By Caleb Henry | May 25, 2016
      ViaSat Headquarters

      ViaSat corporate headquarters in Carlsbad, Calif. Photo: ViaSat

      [Via Satellite 05-25-2016] ViaSat expects to spend close to $100 million on Research and Development (R&D) throughout its fiscal year 2017 dedicated to developing the high capacity ViaSat 3 satellite system. The Ka-band satellite system, first announced in December last year, consists of three terabit-level spacecraft, with the first covering the Americas and the second covering Europe, the Middle East and Africa.

      While Boeing is the manufacturer for the first two ViaSat 3 satellites, ViaSat is taking on much of the work itself. The company is pursuing an unconventional approach to satellite procurement, opting to build the payloads for ViaSat 3 in-house in its own facilities. This is driving R&D expenses up by approximately 50 percent, with aeronautical being the other main area of increased R&D investment.

      “We believe it’s extremely difficult to [obtain] the kind of technology needed to reach this kind of productivity without the level of vertical integration we have achieved,” Mark Dankberg, chairman and CEO of ViaSat, said May 24 during a conference call accompanying the company’s 2016 fourth quarter and year end financial results. “It requires close coupling of multiple technology and business domains in ways that are not practiced by incumbent satellite operators, satellite manufacturers or other members of the existing business ecosystems. We started this journey years ago, and we’ve got a systematic approach to burning out technical and systems risks.”

      Boeing is providing the payload framework for ViaSat to build the payloads into. Dankberg has previously mentioned ViaSat’s work building payloads with Thales Alenia Space for Iridium Next as providing valuable experience. In a previous interview with Via Satellite, he described mass-producing the payloads as akin to achieving the economies of scale pursued by Low Earth Orbit (LEO) systems, but without the need for production of other technologies such as propulsion or solar arrays.

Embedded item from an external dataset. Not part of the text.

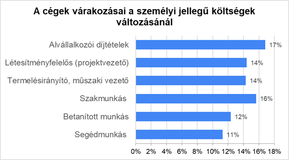 Komoly kihívást jelent a munkaerő megtartása, képzése, továbbképzése. Csak a válaszadók 27%-a számol a foglalkoztatottak átlagos állományi létszámának növelésével a következő fél évben. 2021-ben a KSH adatai szerint átlagosan 9%-kal nőtt a havi bruttó átlagkereset, 2022 év végéig a felmérésben részt vevő cégek közel 15%-os átlagos bérköltség növekedéssel számolnak.

      “We just recently opened our new Arizona facility that includes a clean room high bay for assembling two concurrent ViaSat 3 payloads. Initial market reactions to the ViaSat 3 constellation have been very encouraging. We continue to make progress with multiple potential partners as well as users for the system,” he said.

      Dankberg said payload flight hardware builds will be capitalized investments, while pre-flight hardware builds and tests will be expensed. He said that because pre-flight hardware expenses are “front loaded” in the overall ViaSat 3 program, the company will be incurring a large portion of these costs in fiscal year 2017. ViaSat is bearing more of the R&D costs associated with new satellites than a typical company because of its much more involved approach. Dankberg stressed that this more invested strategy is critical to bringing improved bandwidth and coverage at an accelerated rate.

      “We believe there is a Moore’s Law type learning curve effect we can leverage to gain even more separation from other satellite systems and operators, and with the launch of ViaSat 2 now approaching, we are seeing a smooth segue from optimizing the applications of ViaSat bandwidth, to a rapid growth driven by leveraging our superior bandwidth economics across a footprint that will triple in total bandwidth inventory, and with substantially greater geographic coverage,” he explained.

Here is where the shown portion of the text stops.